Bipolar discipline Massachusetts General Hospital in Boston has disciplined three child psychiatrists for failing to declare payments worth millions of dollars from drug companies. The most prominent, Joseph Biederman, pioneered drug treatment for bipolar disorder in children. The three have apologised and say their “mistakes were honest ones”.
We heart you, pi A backlash has begun against a proposal to replace the constant pi. Tau supporters say their constant, equal to two pi, makes calculations simpler. Now a website called The Pi Manifesto, written by the creator of the Spiked Math web comic, suggests that tau is misleading and actually makes some calculations more complex.
Black Yellowstone Thousands of litres of oil have gushed into the Yellowstone river from a ruptured pipeline owned by Exxon Mobil in Laurel, Montana. The US Environmental Protection Agency estimates that as much as 160,000 litres of oil have escaped since the pipe split on 1 July.
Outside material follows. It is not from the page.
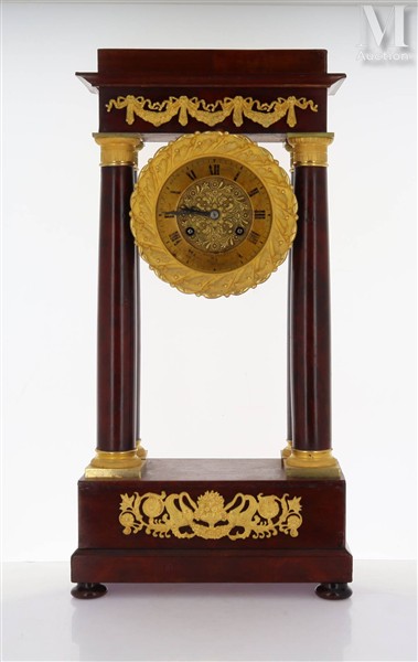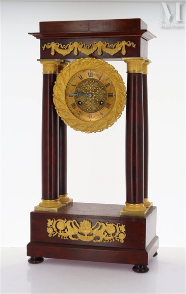 Pendule portique en acajou Pendule portique en acajou et placage d'acajou à 4...

Go on, use that phone Adult cellphone users are unlikely to face extra risks of developing brain tumours, concludes a review in Environmental Health Perspectives (DOI: 10.1289/ ehp.1103693). Last month, the World Health Organization classified phones as only a “possible carcinogen”, the same as bathroom talcum powder and coffee.
Polluted brains Is air pollution harming our brains? Mice exposed to air pollution for nine months had problems with spatial learning and memory, and displayed more “depressive” behaviours. They also had damage to their hippocampi, parts of the brain involved in learning (Molecular Psychiatry, DOI: 10.1038/mp.2011.76).